## INSTRUCTIONS FOR THE TASK
Transcribe exactly, and only, the lines that fall between the line containing "В состав букета" and the last line of the material, both ends included, omitting any pictures.
___
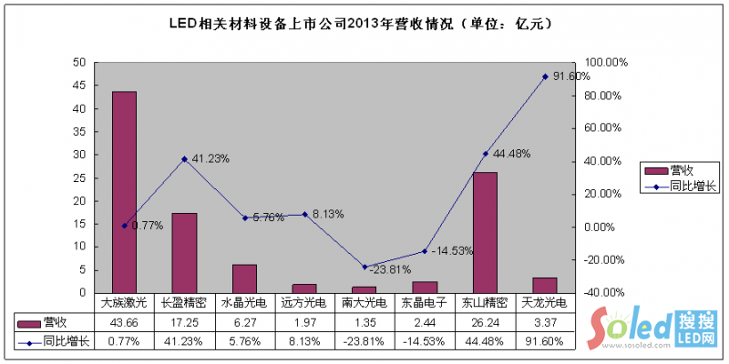 LED相關(guān)材料設(shè)備上市公司2013年營收狀況
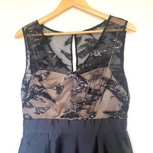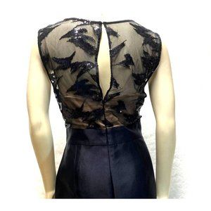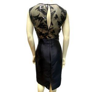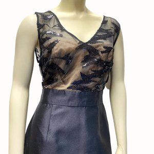 size 10 dress Kay Unger black sequin bodice cocktail party lined mesh top v-neck
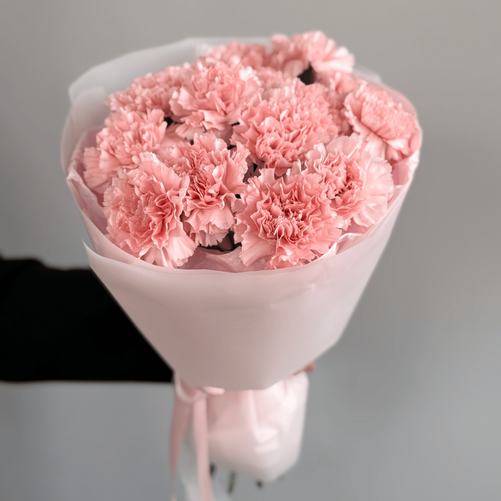 В состав букета входит : - розовая гвоздика - 15 шт - Букет бережно упакован в современную корейскую упаковку и перевязан атласной лентой❤️ — Дизайнерская упаковка с атласной лентой 🎀 —Каждый цветок уникален, поэтому повторить букет 1в1 невозможно. Мы соблюдаем соответствие общего количества цветов, цветовой гаммы и объема букета. — Цветы установлены на акваножке — специальной упаковке с водой для поддержания свежести — В каждый букет добавляется инструкция по уходу за цветами и кризал — подкормка для срезанных растений — Букет бережно упакован в крафт, который защищает от внешних факторов
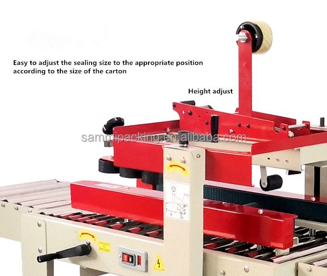 2.Διορθώστε το ύψος και το πλάτος σφράγισης με το χέρι ανάλογα με το μέγεθος του χαρτοκιβωτίου, στη συνέχεια τοποθετήστε το χαρτοκιβώτιο στο τραπέζι εργασίας και το χαρτοκιβώτιο θα μεταδοθεί και θα σφραγισθεί με ταινία αυτόματα ταυτόχρονα.
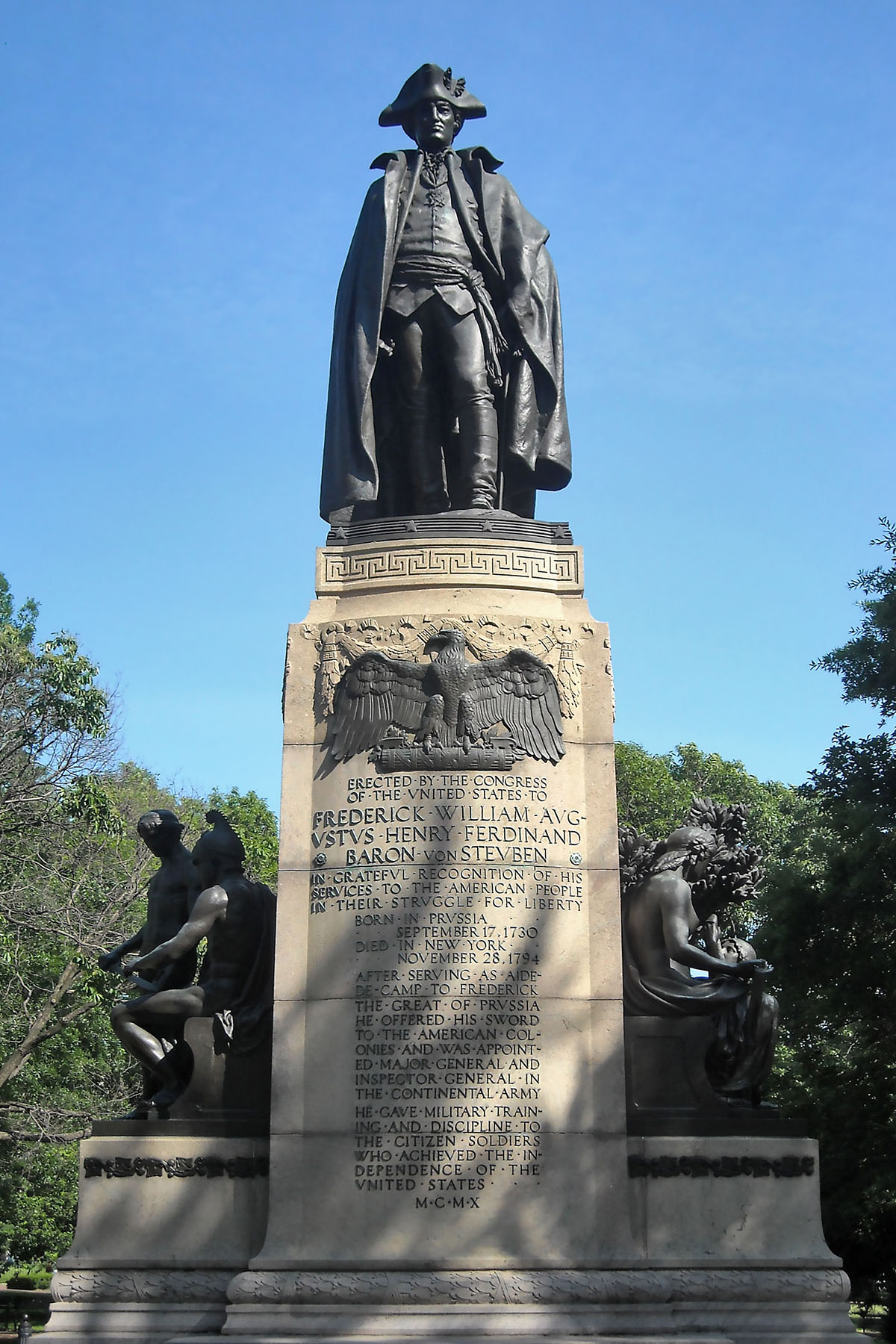 Dem Deutschen Kaiser und dem deutschen Volke gewidmet vom Kongress der Vereinigten Staaten von Amerika als Wahrzeichen ununterbrochener Freundschaft – Nachbildung des Denkmals für General Friedrich Wilhelm August von Steuben – geboren in Magdeburg 1730 – gestorben im Staate New York 1794 – errichtet in Washington in dankbarer Anerkennung seiner Verdienste im Freiheitskampfe des amerikanischen Volkes – MCMXI
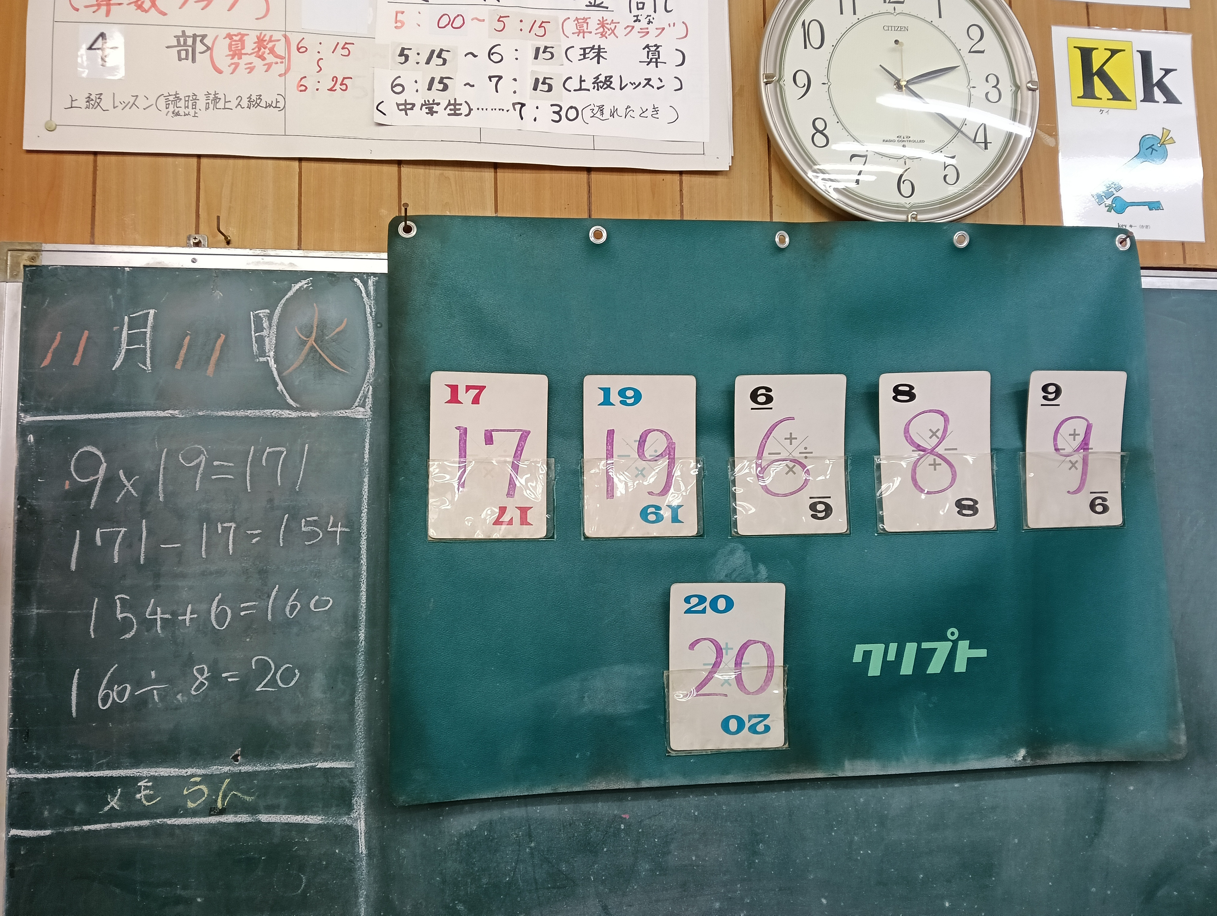 1回は必ず使い四則演算をして下のカードの「20」を作ります。出た答えに次のカードを使い
___
## OUTPUT OF THE TASK
 В состав букета входит : - розовая гвоздика - 15 шт - Букет бережно упакован в современную корейскую упаковку и перевязан атласной лентой❤️ — Дизайнерская упаковка с атласной лентой 🎀 —Каждый цветок уникален, поэтому повторить букет 1в1 невозможно. Мы соблюдаем соответствие общего количества цветов, цветовой гаммы и объема букета. — Цветы установлены на акваножке — специальной упаковке с водой для поддержания свежести — В каждый букет добавляется инструкция по уходу за цветами и кризал — подкормка для срезанных растений — Букет бережно упакован в крафт, который защищает от внешних факторов
 2.Διορθώστε το ύψος και το πλάτος σφράγισης με το χέρι ανάλογα με το μέγεθος του χαρτοκιβωτίου, στη συνέχεια τοποθετήστε το χαρτοκιβώτιο στο τραπέζι εργασίας και το χαρτοκιβώτιο θα μεταδοθεί και θα σφραγισθεί με ταινία αυτόματα ταυτόχρονα.
 Dem Deutschen Kaiser und dem deutschen Volke gewidmet vom Kongress der Vereinigten Staaten von Amerika als Wahrzeichen ununterbrochener Freundschaft – Nachbildung des Denkmals für General Friedrich Wilhelm August von Steuben – geboren in Magdeburg 1730 – gestorben im Staate New York 1794 – errichtet in Washington in dankbarer Anerkennung seiner Verdienste im Freiheitskampfe des amerikanischen Volkes – MCMXI
 1回は必ず使い四則演算をして下のカードの「20」を作ります。出た答えに次のカードを使い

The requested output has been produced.